Originally posted by glassinc
Hi,
I've only a comment on your last spy short, the blue arrow where it states 1st option to cover high volume panic selling.
I disagree that, that was your 1st option, 4 bars earlier on a range expansion down bar with the highest volume was the best place imho. That was an open @ high close @ low, I understand you may have been waiting for additional follow thru.
I've browsed you your journal, & this has been Very unselfish sharing on your part. As well as the fact that you take others comments & critques w/o taking offense. I realize there are many others on these boards that do the same, Kudos to them also!!
I wish you contiued success on your journey, & may you continue to benefit others thru your sharing.
God Bless & GFtY! Kelly
Hi Kelly-
Just saw your post. The Chart was mine, not Tonys.
Although you probably figured that out after you submitted the
posting. I was trying to help him realize that he is wasting his
time and more importantly his money trading the Stock market
Las Vegas style. His methodology reminds me of someone who
sits in front of a slot machine and pulls the handle. Yeah, sure
sometimes you'll get a payoff. My submission would be to place yourself in front of a Betty Boop Slot and go to towne. You'd be a lot more entertained in my opinion. Now, with that said, and all due respect to Tony, and I do mean that sincerely. I respect him
very much for his postings and what he has accomplished. In that sense his attempts are Not a waste of time.

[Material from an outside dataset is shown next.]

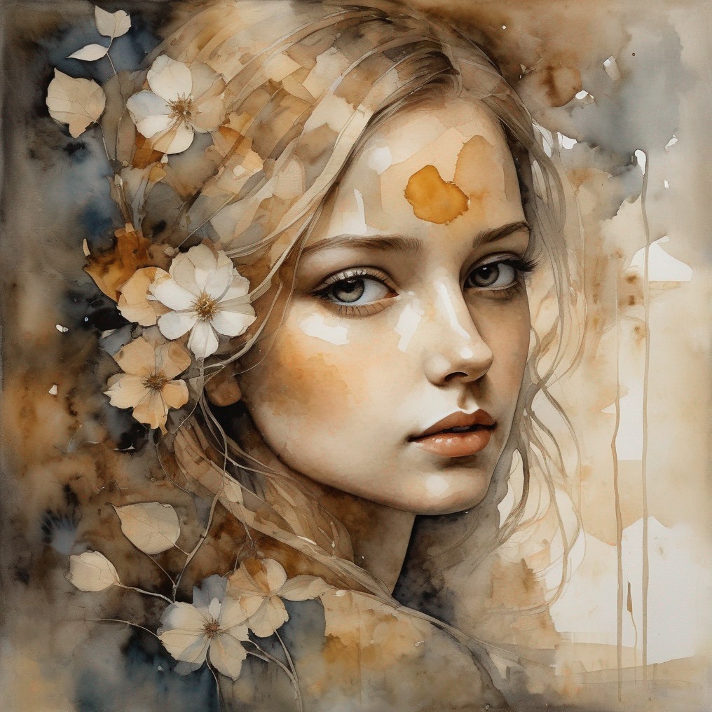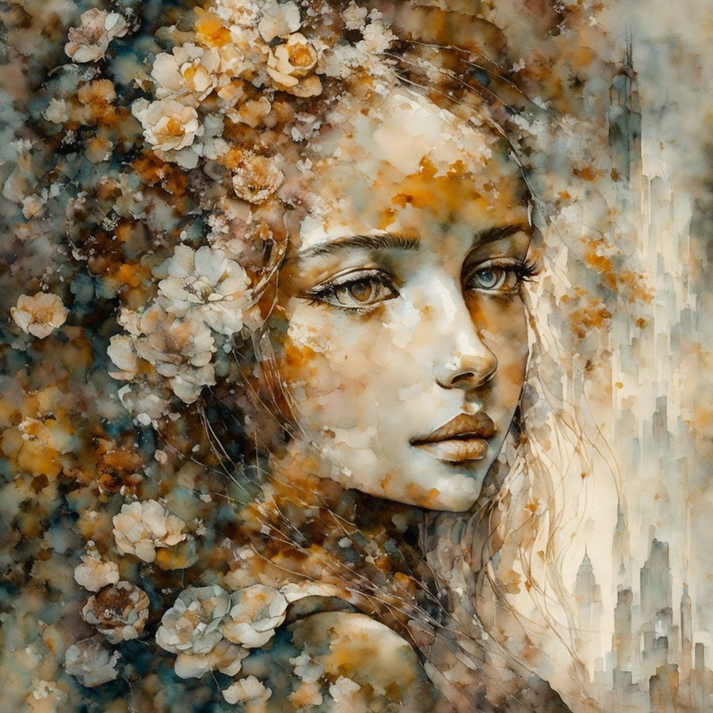 A portrait of a woman with a serene expression, adorned with flowers, in a warm, watercolor style with earth tones.

However, back to my chart and your one comment on the "Blue Arrow." I have no idea how long you've been trading. At anyrate that is not important for now. We will have different opinions. The volume expansion bar that you noticed opening on High and Closing on Low is a capitulation selloff to be sure. However, to attempt a cover on that very same bar is NOT the best bar to attempt to buy to cover. Although technically speaking there are bars before that which give you an option to cover. The point I am trying to make to Tony is he must not only have a reason to take the trade but also he must look for the opportunity with the Most likely and Highest probability of follow through. The Volume expansion Bar is Not that bar.
Two things.:
1) when attempting to cover on that bar one needs to "lead the market" quite a bit. In other words you need to be buying at least above the best bid and more likely need to be lifting the lowest offer, more likely going behind the best offer, meaning crossing the market and bidding significantly above the inside market. In a fast enough moving stock that is falling at an increasing rate the .01 spread that might be typically present could in fact be widening or widened to say .05 or more.

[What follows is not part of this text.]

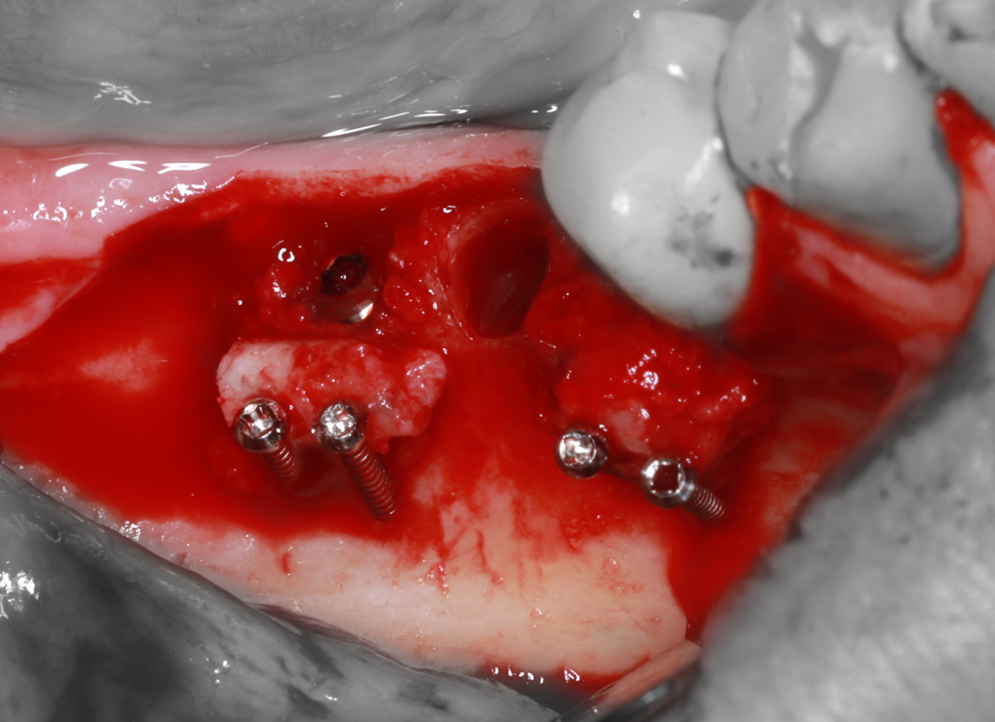 6) Установлен мезиальный имплантат, фиксирован костный трансплантат с помощью прижатия винтами (1мм.*10мм.)

At the pace that bar was moving, even if you did say lead the pack on the intrabar reversal from the low to the close, you have introduced even more risk(of leaving even more money on the table) to the equation. Whereas, your buy-to-cover actions could be closing the spread unnecessarily back to a penny or less you will certainly not be participating in any potential further follow through to newer lows.
2) The speed at which the price fell is half to even sometimes a 1/3 as fast as the capitulation bounce. That is to say that attempting to cover on a super fast candle such as the one we are referring to as the Volume Expansion bar is in my opinion not good. You are at the very least chasing the best bid back up or covering by catching a falling knife. In either case you've left money on the table and were only taking profits based on "extreme" nature of the capitulation.
Moreover, in retrospect one can of course see that there were lower lows to be realized. Closing price consolidation on the following bars would give you your first sign that a reversal was in the making. At that point a trader would have some true grounds for which to base a next trade on. The Blue arrow I pointed out was an attempt to point out the "Safest" entry point for Tony on a buy-to-cover order with some conviction behind it.
On the Blue arrow bar the price moves back up over the high of all 3 bars before it. Cover your short definitely. Entry for a long position...potentially. There again, with consideration to price, a long should be taken right at the point the price moved over the high of the previous bar.
Placement of a tight stop behind it(.05-Precision is everything to me, if I'm wrong in .05, then I don't need to be in the trade), then you have a setup for what turns out to be a scalp trade that will give you time to calculate market direction. Moreover, and more importantly even if no profit is taken and your stop gets hit 3 bars later, you will have the necessary conviction to put on a short trade based on price action in relation to the overhead trendline and the confirming downward moving averages.
Hope I've thoroughly explained my trading decision on the Blue buy-to-cover arrow.